• _What this task involves_
Look below for the line containing "圖七 為實驗之某特定群體羊隻依特性統計分佈曲線圖" and the line containing "Orologio da polso", then set down both and every line between them exactly, without pictures.

(Dataset excerpts)
* * * * * * * * *

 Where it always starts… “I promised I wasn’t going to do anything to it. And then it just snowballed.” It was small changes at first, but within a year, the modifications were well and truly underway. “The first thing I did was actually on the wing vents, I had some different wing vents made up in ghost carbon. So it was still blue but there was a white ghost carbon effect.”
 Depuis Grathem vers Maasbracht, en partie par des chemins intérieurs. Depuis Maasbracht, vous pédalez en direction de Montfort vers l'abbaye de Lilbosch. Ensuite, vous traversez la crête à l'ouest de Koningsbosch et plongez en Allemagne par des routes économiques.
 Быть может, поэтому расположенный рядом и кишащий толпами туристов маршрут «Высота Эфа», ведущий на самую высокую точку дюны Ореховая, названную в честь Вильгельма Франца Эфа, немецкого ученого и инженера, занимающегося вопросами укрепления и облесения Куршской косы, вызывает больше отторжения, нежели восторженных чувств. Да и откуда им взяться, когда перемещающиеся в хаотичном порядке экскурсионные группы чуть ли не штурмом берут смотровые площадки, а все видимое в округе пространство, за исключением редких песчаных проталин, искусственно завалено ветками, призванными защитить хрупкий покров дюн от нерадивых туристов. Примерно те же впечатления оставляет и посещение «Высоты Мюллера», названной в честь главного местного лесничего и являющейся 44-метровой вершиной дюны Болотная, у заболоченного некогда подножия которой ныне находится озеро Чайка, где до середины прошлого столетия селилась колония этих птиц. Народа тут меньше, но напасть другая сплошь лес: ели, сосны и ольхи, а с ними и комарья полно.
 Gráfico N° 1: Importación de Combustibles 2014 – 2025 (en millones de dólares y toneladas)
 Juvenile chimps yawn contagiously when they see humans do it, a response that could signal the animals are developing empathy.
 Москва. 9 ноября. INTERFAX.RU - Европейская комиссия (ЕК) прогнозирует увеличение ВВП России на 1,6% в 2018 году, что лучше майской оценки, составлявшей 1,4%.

* * * * * * * * *

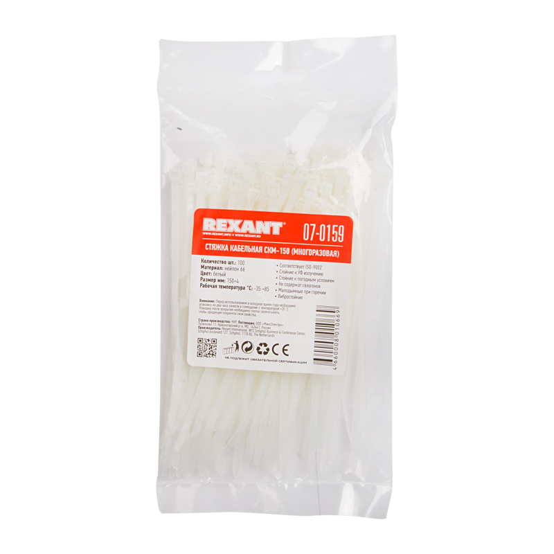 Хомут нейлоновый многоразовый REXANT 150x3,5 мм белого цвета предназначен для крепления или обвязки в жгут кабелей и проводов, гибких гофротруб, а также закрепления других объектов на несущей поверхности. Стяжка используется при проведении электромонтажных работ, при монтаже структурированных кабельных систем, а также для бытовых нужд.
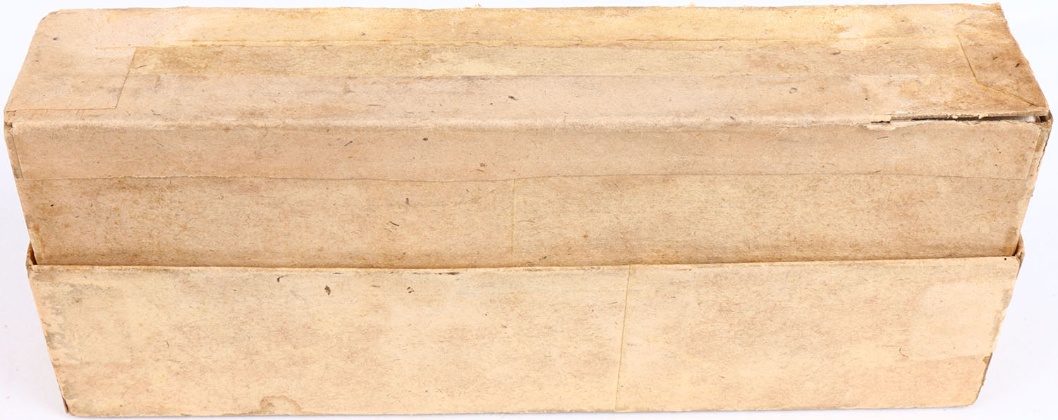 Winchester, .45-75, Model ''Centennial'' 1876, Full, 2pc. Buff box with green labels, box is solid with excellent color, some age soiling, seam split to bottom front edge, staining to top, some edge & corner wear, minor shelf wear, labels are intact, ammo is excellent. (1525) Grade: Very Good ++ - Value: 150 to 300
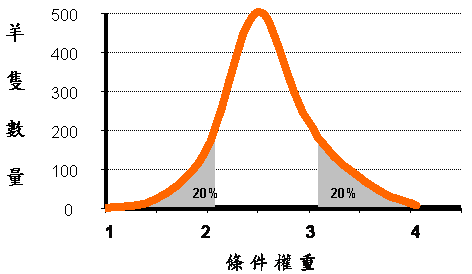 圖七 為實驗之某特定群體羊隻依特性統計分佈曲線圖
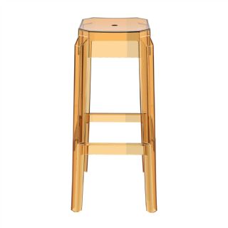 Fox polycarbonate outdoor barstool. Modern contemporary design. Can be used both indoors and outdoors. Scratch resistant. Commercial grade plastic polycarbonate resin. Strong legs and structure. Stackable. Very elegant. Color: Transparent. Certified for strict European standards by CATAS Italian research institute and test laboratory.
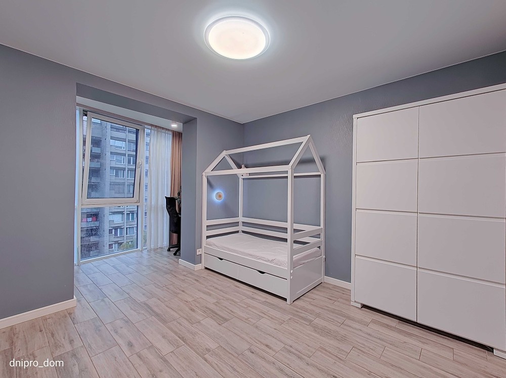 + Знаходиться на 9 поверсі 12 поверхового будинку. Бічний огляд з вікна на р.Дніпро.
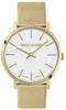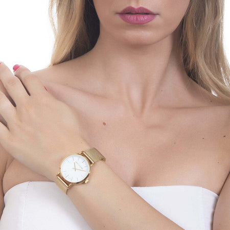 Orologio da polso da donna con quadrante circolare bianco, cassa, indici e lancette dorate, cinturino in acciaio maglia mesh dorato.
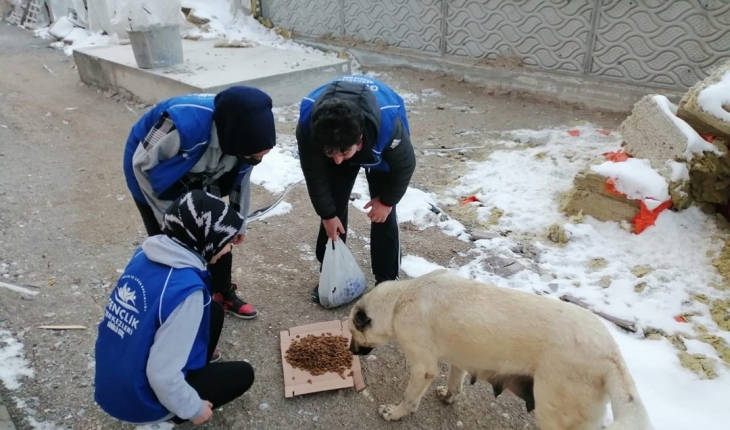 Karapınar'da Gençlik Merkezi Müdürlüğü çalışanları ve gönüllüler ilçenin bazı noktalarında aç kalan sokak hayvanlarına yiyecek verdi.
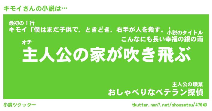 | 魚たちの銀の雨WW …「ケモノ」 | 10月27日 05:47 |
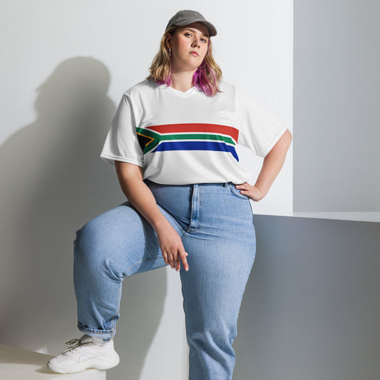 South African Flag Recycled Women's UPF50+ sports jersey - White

* * * * * * * * *

• _Result of this task_
 圖七 為實驗之某特定群體羊隻依特性統計分佈曲線圖
 Fox polycarbonate outdoor barstool. Modern contemporary design. Can be used both indoors and outdoors. Scratch resistant. Commercial grade plastic polycarbonate resin. Strong legs and structure. Stackable. Very elegant. Color: Transparent. Certified for strict European standards by CATAS Italian research institute and test laboratory.
 + Знаходиться на 9 поверсі 12 поверхового будинку. Бічний огляд з вікна на р.Дніпро.
 Orologio da polso da donna con quadrante circolare bianco, cassa, indici e lancette dorate, cinturino in acciaio maglia mesh dorato.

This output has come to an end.